▶ [What is needed] Would you give the listing back word for word once its pictures are removed?

▶ [Supplied data]
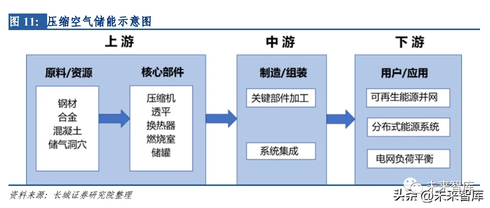 产业链及成本:压缩空气储能的上游主要是原材料与核心部件(模具、铸件、管 道、阀门、储罐等)的生产加工、装配、制造行业,属于机械工业的一部分,但 涉及压缩空气储能本身特性和性能要求,对基础部件的设计、加工要求较为严格。中游主要是关键设备(压缩机、膨胀机、燃烧室、储热/换热器等)设计制造、系统 集成控制相关的行业,属于技术密集型的高端制造业,具有多学科、技术交叉等 特性。下游主要是用户对压缩空气储能系统的使用和需求,涉及常规电力输配送、 可再生能源大规模接入、分布式能源系统、智能电网与能源互联网等多个行业领 域。
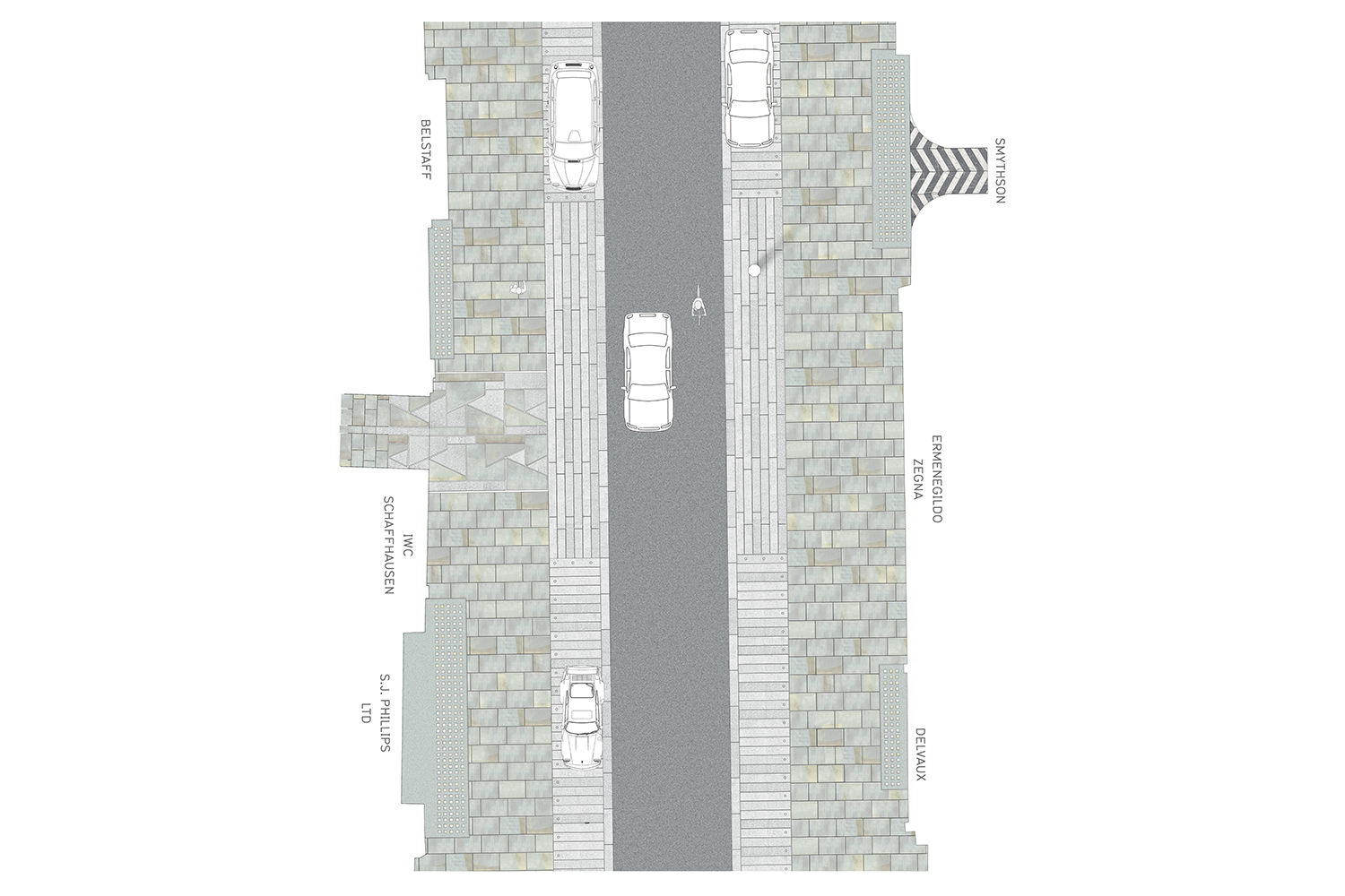 Plan view of the paving design for Bond Street. Large Yorkstone paving slabs for footways; Cornish granite for kerbs.
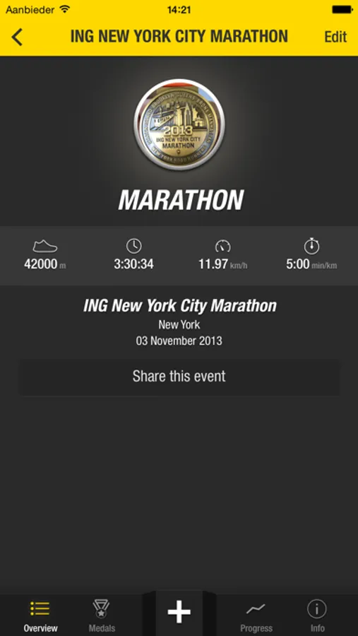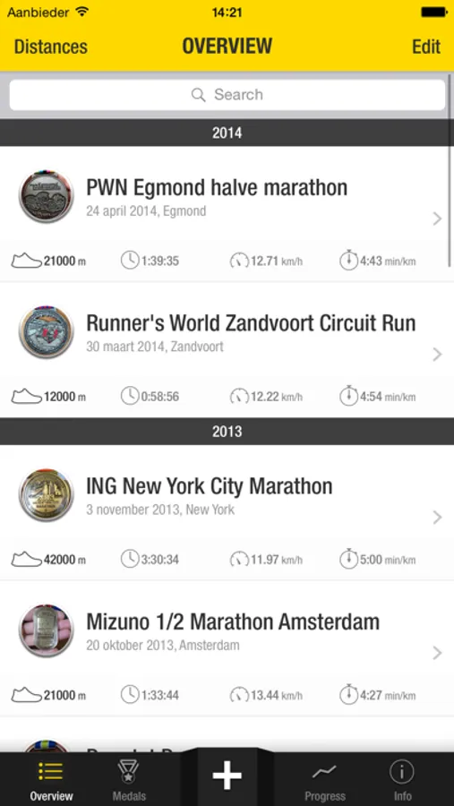 With the My Medals app you have a beautiful overview of all your personal race results in your pocket.

▶ [Response below]
 产业链及成本:压缩空气储能的上游主要是原材料与核心部件(模具、铸件、管 道、阀门、储罐等)的生产加工、装配、制造行业,属于机械工业的一部分,但 涉及压缩空气储能本身特性和性能要求,对基础部件的设计、加工要求较为严格。中游主要是关键设备(压缩机、膨胀机、燃烧室、储热/换热器等)设计制造、系统 集成控制相关的行业,属于技术密集型的高端制造业,具有多学科、技术交叉等 特性。下游主要是用户对压缩空气储能系统的使用和需求,涉及常规电力输配送、 可再生能源大规模接入、分布式能源系统、智能电网与能源互联网等多个行业领 域。
 Plan view of the paving design for Bond Street. Large Yorkstone paving slabs for footways; Cornish granite for kerbs.
 With the My Medals app you have a beautiful overview of all your personal race results in your pocket.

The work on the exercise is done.